# Is there a lazy sparse matrix constructor?

Constructing a sparse matrix via the following is slow:

``````n = 200
m = 250

A = spzeros(n,m)

for i in 1:n
for j in 1:m
A[i,j] = rand()
end
end
``````

The way to speed this up is to use the following syntax:

``````cur_I = Int[]
cur_J = Int[]
cur_V = Number[]

for i in 1:n
append!(cur_I, repeat([i], m))
for j in 1:m
push!(cur_J, j)
push!(cur_V, rand())
end
end

A = sparse(cur_I, cur_J, cur_V, n, m)
``````

This begs the question, why isn’t there a constructor that can lazily put off construction of a sparse matrix until all the elements are ready?
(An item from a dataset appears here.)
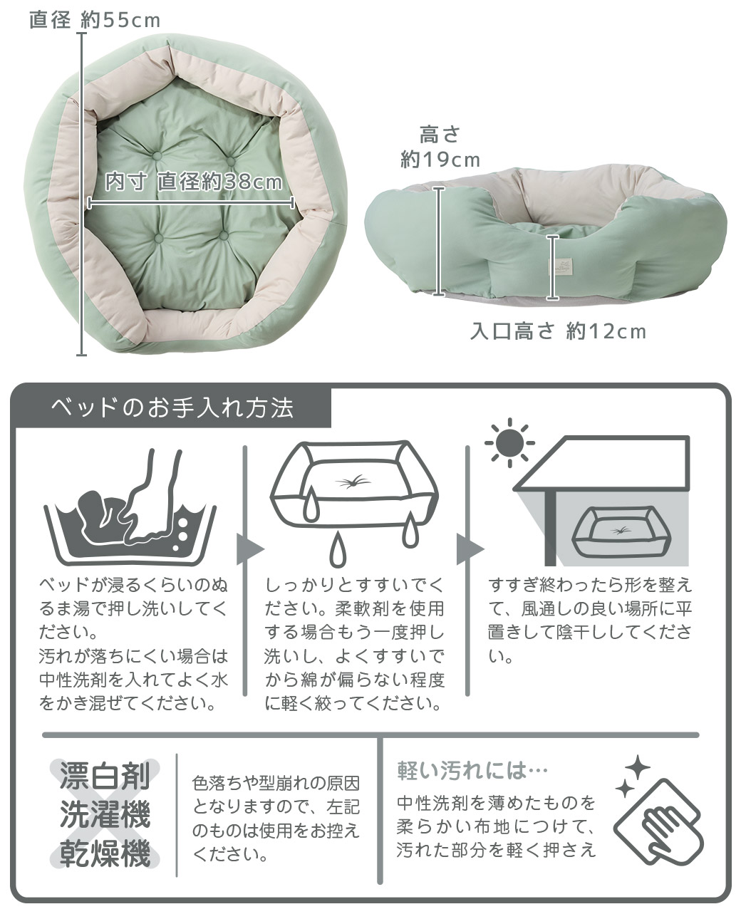 ※全体を洗いたい場合は、中性洗剤を使用し手洗いで陰干ししてください。

The pseudocode for the result would be something like:

``````A = spzeros_lazy(n,m)

for i in 1:n
for j in 1:m
A[i,j] = rand()
end
end

lazy_sparse_constructor!(A)
``````

// the goal is not to be the most performant, just performant && easy to code

1 Like

Simple enough to code:

``````using SparseArrays

struct LazySparse{T, TV <: AbstractVector{T}, TI <: Integer, TVI <: AbstractVector{TI}}
I::TVI
J::TVI
V::TV
m::TI
n::TI
end
LazySparse{T}(m::TI, n::TI) where {T, TI} = LazySparse(TI[], TI[], T[], m, n)

function Base.setindex!(a::LazySparse, v, i, j)
push!(a.I, i)
push!(a.J, j)
push!(a.V, v)
return v
end
SparseArrays.sparse(a::LazySparse) = sparse(a.I, a.J, a.V, a.m, a.n)
``````

Example:

``````m = n = 2
A = LazySparse{Float64}(m, n)

for i in 1:m
for j in 1:n
A[i,j] = rand()
end
end

sparse(A)
``````
8 Likes

I guess now the question is can you make it smart?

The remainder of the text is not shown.